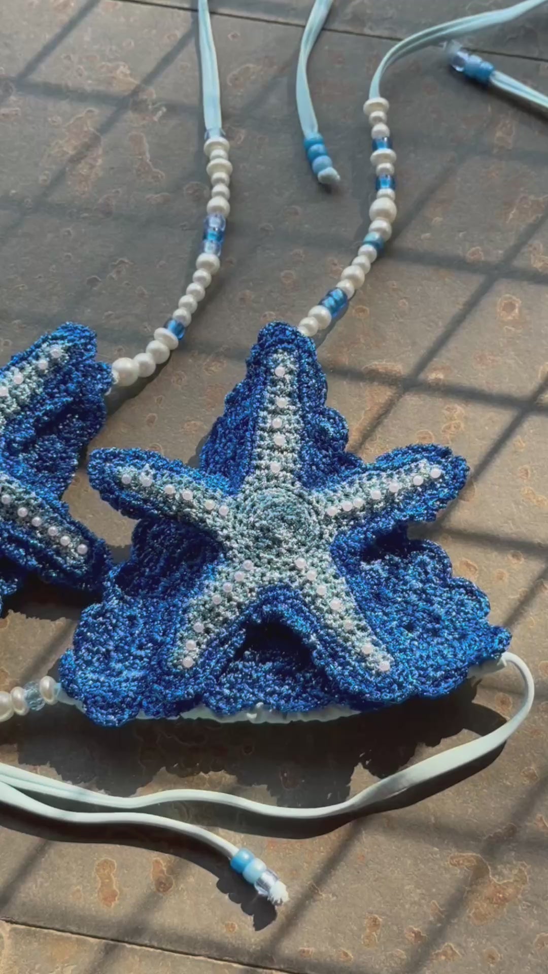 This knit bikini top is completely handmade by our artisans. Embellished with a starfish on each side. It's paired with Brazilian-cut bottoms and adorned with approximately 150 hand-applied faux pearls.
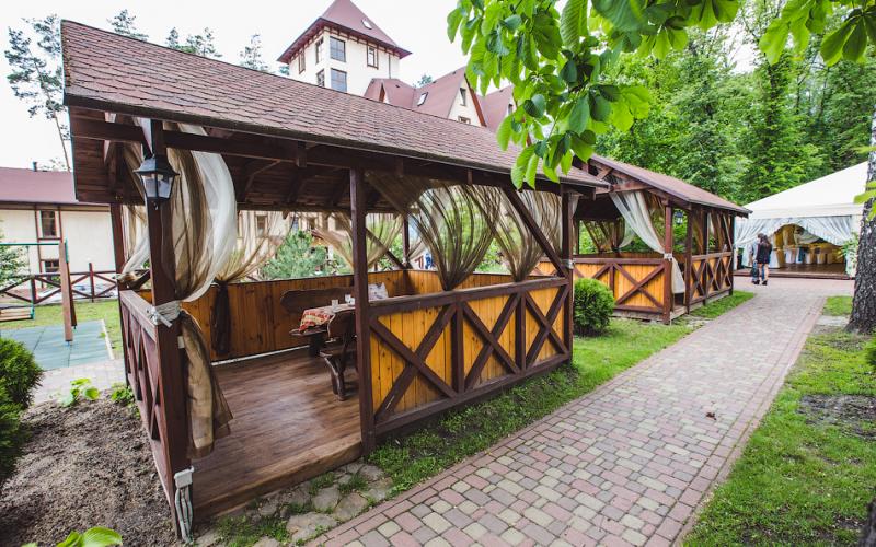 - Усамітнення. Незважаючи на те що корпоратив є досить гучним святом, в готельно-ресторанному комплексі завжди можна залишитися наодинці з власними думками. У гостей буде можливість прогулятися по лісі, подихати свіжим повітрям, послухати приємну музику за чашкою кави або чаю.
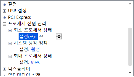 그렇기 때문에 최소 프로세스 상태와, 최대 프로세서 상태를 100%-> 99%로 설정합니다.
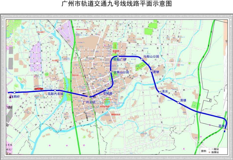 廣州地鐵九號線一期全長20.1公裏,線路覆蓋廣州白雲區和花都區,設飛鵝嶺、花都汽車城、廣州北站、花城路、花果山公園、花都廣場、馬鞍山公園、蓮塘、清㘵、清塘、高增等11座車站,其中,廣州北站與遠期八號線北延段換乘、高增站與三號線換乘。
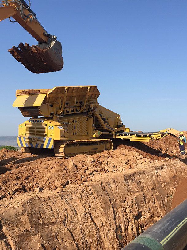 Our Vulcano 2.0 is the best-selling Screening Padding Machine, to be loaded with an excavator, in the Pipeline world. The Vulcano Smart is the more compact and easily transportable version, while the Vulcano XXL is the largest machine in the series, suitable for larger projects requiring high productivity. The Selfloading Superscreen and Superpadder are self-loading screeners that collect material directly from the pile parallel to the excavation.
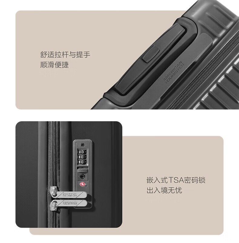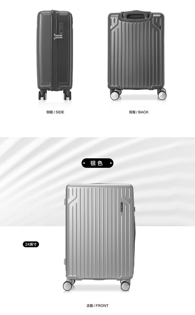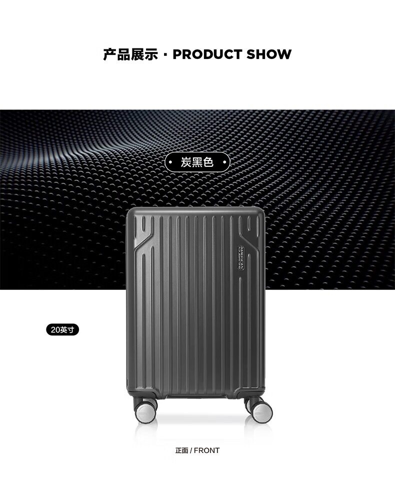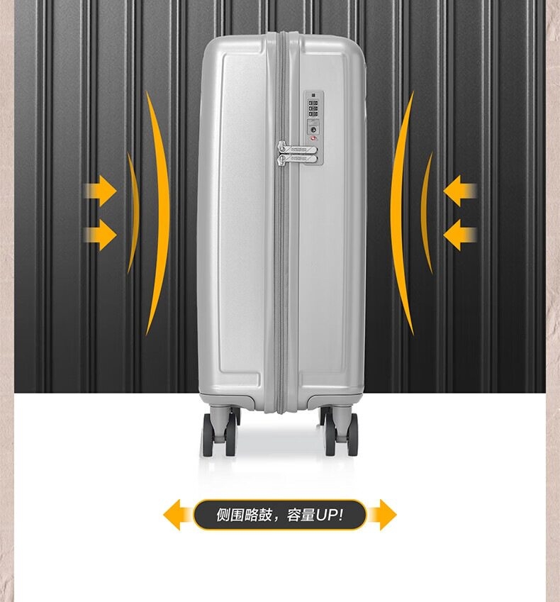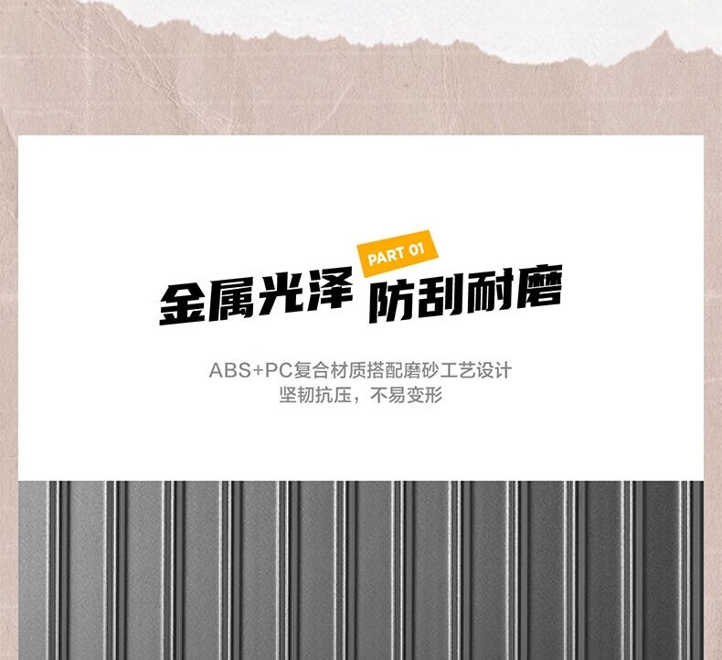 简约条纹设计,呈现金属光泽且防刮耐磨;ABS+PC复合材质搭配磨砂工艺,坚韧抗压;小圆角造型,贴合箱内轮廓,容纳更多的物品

===============

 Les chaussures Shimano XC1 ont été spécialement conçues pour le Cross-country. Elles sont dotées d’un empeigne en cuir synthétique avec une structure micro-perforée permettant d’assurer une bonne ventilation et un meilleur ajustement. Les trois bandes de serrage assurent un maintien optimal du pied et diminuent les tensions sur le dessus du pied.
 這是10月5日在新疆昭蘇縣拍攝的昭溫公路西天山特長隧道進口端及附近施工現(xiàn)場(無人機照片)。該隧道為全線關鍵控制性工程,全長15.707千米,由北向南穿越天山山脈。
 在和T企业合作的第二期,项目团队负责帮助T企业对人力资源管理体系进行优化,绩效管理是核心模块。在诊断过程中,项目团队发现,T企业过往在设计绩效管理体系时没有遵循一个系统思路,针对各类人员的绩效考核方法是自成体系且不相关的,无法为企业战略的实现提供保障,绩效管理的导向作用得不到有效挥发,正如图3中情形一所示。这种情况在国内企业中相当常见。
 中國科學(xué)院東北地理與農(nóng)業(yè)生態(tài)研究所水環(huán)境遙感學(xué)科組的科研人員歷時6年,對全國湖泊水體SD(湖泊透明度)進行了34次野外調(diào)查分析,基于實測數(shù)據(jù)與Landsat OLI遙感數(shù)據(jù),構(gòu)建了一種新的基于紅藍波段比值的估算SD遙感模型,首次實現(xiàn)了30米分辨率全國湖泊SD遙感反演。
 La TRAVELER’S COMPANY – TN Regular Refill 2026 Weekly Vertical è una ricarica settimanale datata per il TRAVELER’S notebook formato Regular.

===============

Scan the material above. Extract every line in which the word "xiàn" occurs.

▶ [Answer section]
 這是10月5日在新疆昭蘇縣拍攝的昭溫公路西天山特長隧道進口端及附近施工現(xiàn)場(無人機照片)。該隧道為全線關鍵控制性工程,全長15.707千米,由北向南穿越天山山脈。
 中國科學(xué)院東北地理與農(nóng)業(yè)生態(tài)研究所水環(huán)境遙感學(xué)科組的科研人員歷時6年,對全國湖泊水體SD(湖泊透明度)進行了34次野外調(diào)查分析,基于實測數(shù)據(jù)與Landsat OLI遙感數(shù)據(jù),構(gòu)建了一種新的基于紅藍波段比值的估算SD遙感模型,首次實現(xiàn)了30米分辨率全國湖泊SD遙感反演。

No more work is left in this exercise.